▶ About this exercise: Stop at the line containing "Nestled on the": repeat exactly every line of the entries below from the first up to it, plus that line, with pictures omitted.
--- Data extract ---
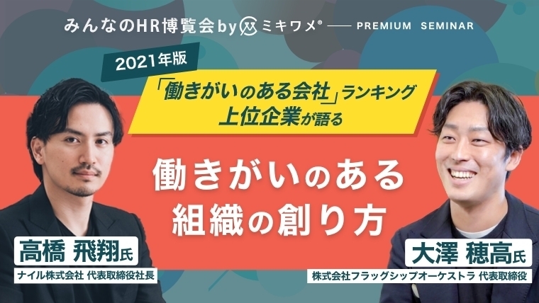 - 働きがいのある組織の創り方〜2021年版「働きがいのある会社」ランキング上位企業と考える〜【ナイル高橋氏・フラッグシップオーケストラ大澤氏】
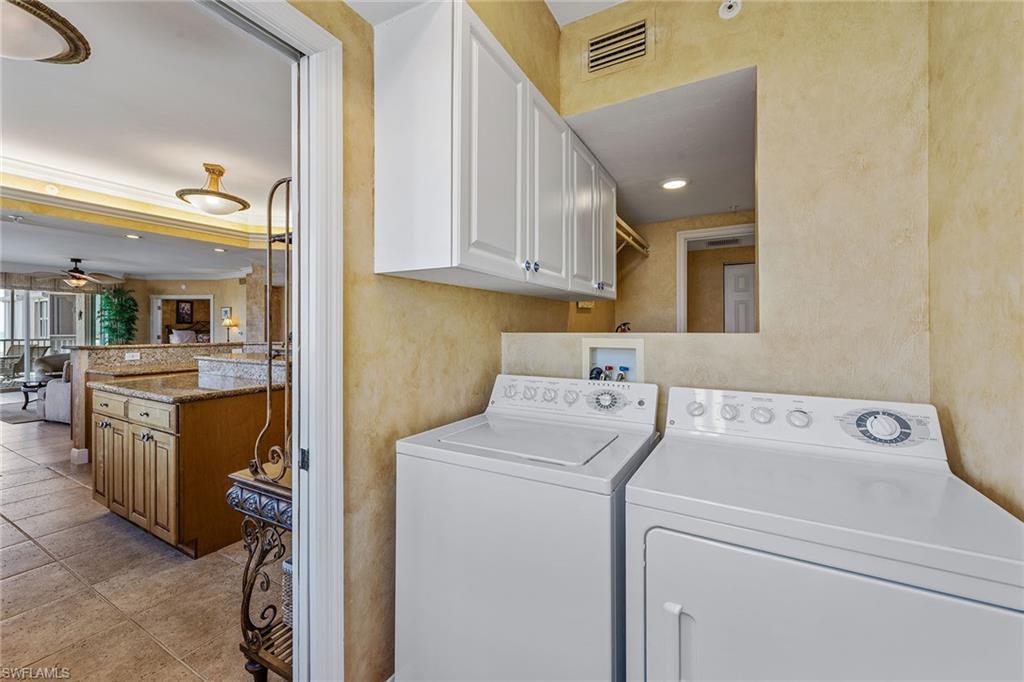 Nestled on the 2nd floor of the prestigious Mirage on the Gulf, this beautifully updated 3-bedroom, 2.5-bath condo offers an unparalleled living experience with sweeping 270-degree views of the Gulf of Mexico and the 10,000 Islands. As you step through the door, you're immediately captivated by the breathtaking water views that follow you throughout the 2,159-square-foot layout. An open-concept living area, bathed in natural light from floor-to-ceiling windows offers the perfect space for entertaining or finding peace by tranquil waters. Opening the sliders to the extra large, screened-in lanai creates a perfect indoor/outdoor space or use it to unwind while taking in the stunning sunsets over the Gulf of America. The modern, well-appointed kitchen boasts custom cabinets, ample counter space on beautiful granite, and Gulf views from anywhere you stand. Showcasing integrated refrigeration drawers, cabinet matched refrigerator doors, and a hidden in-unit laundry. The spacious master bedroom offers a peaceful retreat, complete with Gulf views and a luxurious en suite bathroom featuring a walk-in shower and separate soaking tub along with His-Hers vanities and closets. Two additional guest bedrooms provide plenty of space for family or friends, ensuring that everyone enjoys comfort and privacy. All of this is enclosed by state of the art hurricane protection at every point and the electric storm shutters will keep you safe from any storm. This unit also includes a private, extra deep one-car garage under the building - the ultimate convenience and security. Mirage on the Gulf offers a wealth of luxurious amenities, including a resort-style pool and spa, tennis and pickleball courts, a state-of-the-art fitness center, a fishing pier, and a brand new, expansive sun deck to soak in the beauty of the coastline. The pet-friendly community is ideally located just minutes from pristine beaches, world-class shopping, and fine dining, offering the ultimate in island living. Whether you're looking for a vacation retreat or a permanent slice of paradise, this condo invites you to live the Marco Island lifestyle at its finest. Don't miss out on this rare opportunity—your dream home awaits!
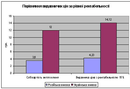 Аналіз таблиці порівняння собівартості показує, що за умови однакових видавничих цін рентабельність російської книжки уп’ятеро вища ніж української через те, що російські книжки видаються вдесятеро більшим накладом.
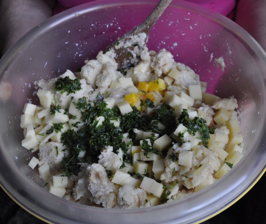 Aggiungete infine il formaggio a cubetti e la farina e impastate, il risultato deve essere quello di un impasto morbido, non eccessivamente duro, quindi non esagerate con la farina.
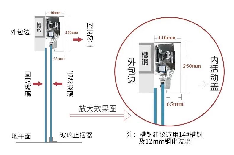 △无框玻璃电动移门示意图
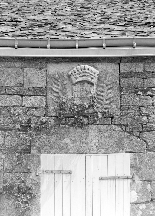 Maison construite en 1858 ; remploi d'une pierre armoriée.
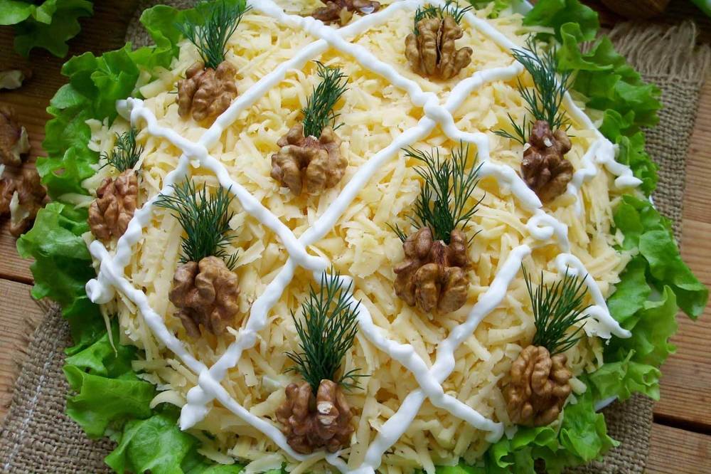 - Верхний слой салата должен состоять из сыра, его не смазывайте майонезом.
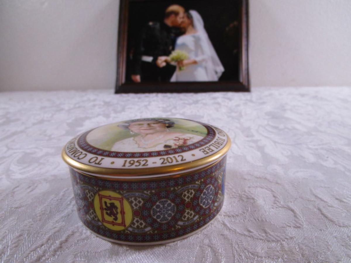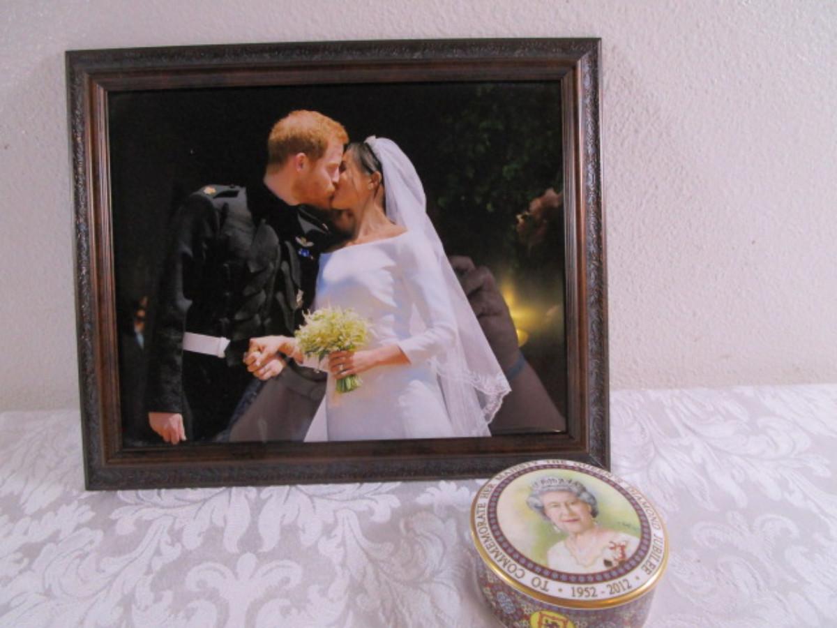 Prince Harry and Princess Megan picture and Queen Elizabeth commerative dish
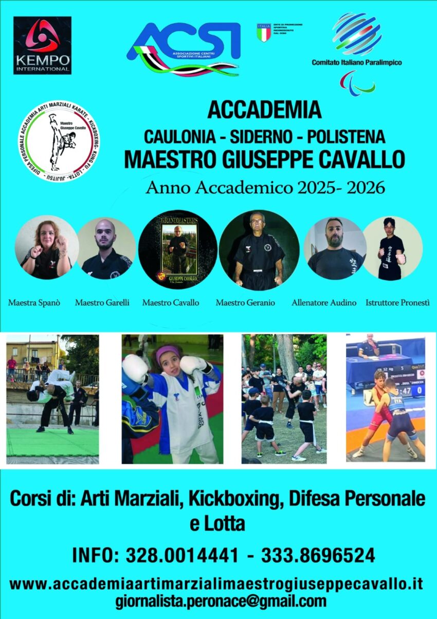 Al via i corsi di arti marziali, difesa personale e kickboxing, presso l’Accademia fondata e diretta dal Maestro Giuseppe Cavallo, direttore tecnico internazionale, responsabile per l’Europa del Sud e Africa di Kempo International e insegnante tecnico qualificato delle maggiori federazioni CONI. Un Maestro di Arti Marziali, che è un punto di riferimento sul tatami ma anche fuori dalla palestra, soprattutto per gli atleti che hanno deciso di intraprendere un percorso basato sulla disciplina, l’impegno e il rispetto. Le attività dell’Accademia, pluricampione nazionale e internazionale, che detiene, da anni, anche il record del maggior numero di atleti convocati in nazionale, si svolgono presso: la palestra di Siderno, in via dei Tigli, nei pressi del negozio La Bicicletta;
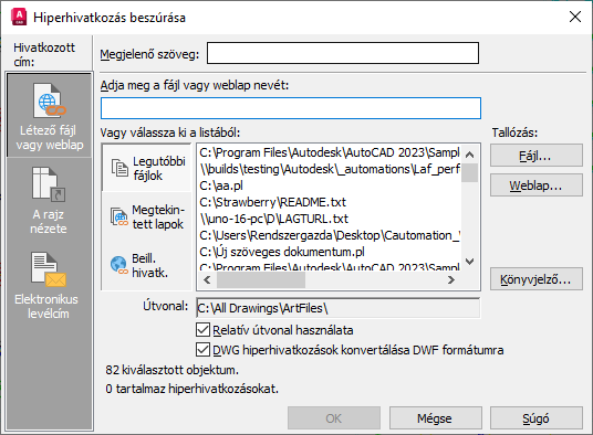 Relatív útvonalat alkalmaz a hiperhivatkozásokhoz. Ha az opció be van jelölve, a program a csatolt fájlhoz tartozó teljes elérési útvonalat nem menti a hiperhivatkozással. A relatív elérési útvonalat a rendszer a HYPERLINKBASE rendszerváltozó által megadott értékűre állítja be, vagy ha a HYPERLINKBASE rendszerváltozó értéke nincs megadva, akkor az aktuális rajz elérési útvonalára. Ha törli az opciót, a program a hozzárendelt fájlhoz tartozó teljes elérési útvonalat menti, a hiperhivatkozással együtt.
---
▶ Task result:
 - 働きがいのある組織の創り方〜2021年版「働きがいのある会社」ランキング上位企業と考える〜【ナイル高橋氏・フラッグシップオーケストラ大澤氏】
 Nestled on the 2nd floor of the prestigious Mirage on the Gulf, this beautifully updated 3-bedroom, 2.5-bath condo offers an unparalleled living experience with sweeping 270-degree views of the Gulf of Mexico and the 10,000 Islands. As you step through the door, you're immediately captivated by the breathtaking water views that follow you throughout the 2,159-square-foot layout. An open-concept living area, bathed in natural light from floor-to-ceiling windows offers the perfect space for entertaining or finding peace by tranquil waters. Opening the sliders to the extra large, screened-in lanai creates a perfect indoor/outdoor space or use it to unwind while taking in the stunning sunsets over the Gulf of America. The modern, well-appointed kitchen boasts custom cabinets, ample counter space on beautiful granite, and Gulf views from anywhere you stand. Showcasing integrated refrigeration drawers, cabinet matched refrigerator doors, and a hidden in-unit laundry. The spacious master bedroom offers a peaceful retreat, complete with Gulf views and a luxurious en suite bathroom featuring a walk-in shower and separate soaking tub along with His-Hers vanities and closets. Two additional guest bedrooms provide plenty of space for family or friends, ensuring that everyone enjoys comfort and privacy. All of this is enclosed by state of the art hurricane protection at every point and the electric storm shutters will keep you safe from any storm. This unit also includes a private, extra deep one-car garage under the building - the ultimate convenience and security. Mirage on the Gulf offers a wealth of luxurious amenities, including a resort-style pool and spa, tennis and pickleball courts, a state-of-the-art fitness center, a fishing pier, and a brand new, expansive sun deck to soak in the beauty of the coastline. The pet-friendly community is ideally located just minutes from pristine beaches, world-class shopping, and fine dining, offering the ultimate in island living. Whether you're looking for a vacation retreat or a permanent slice of paradise, this condo invites you to live the Marco Island lifestyle at its finest. Don't miss out on this rare opportunity—your dream home awaits!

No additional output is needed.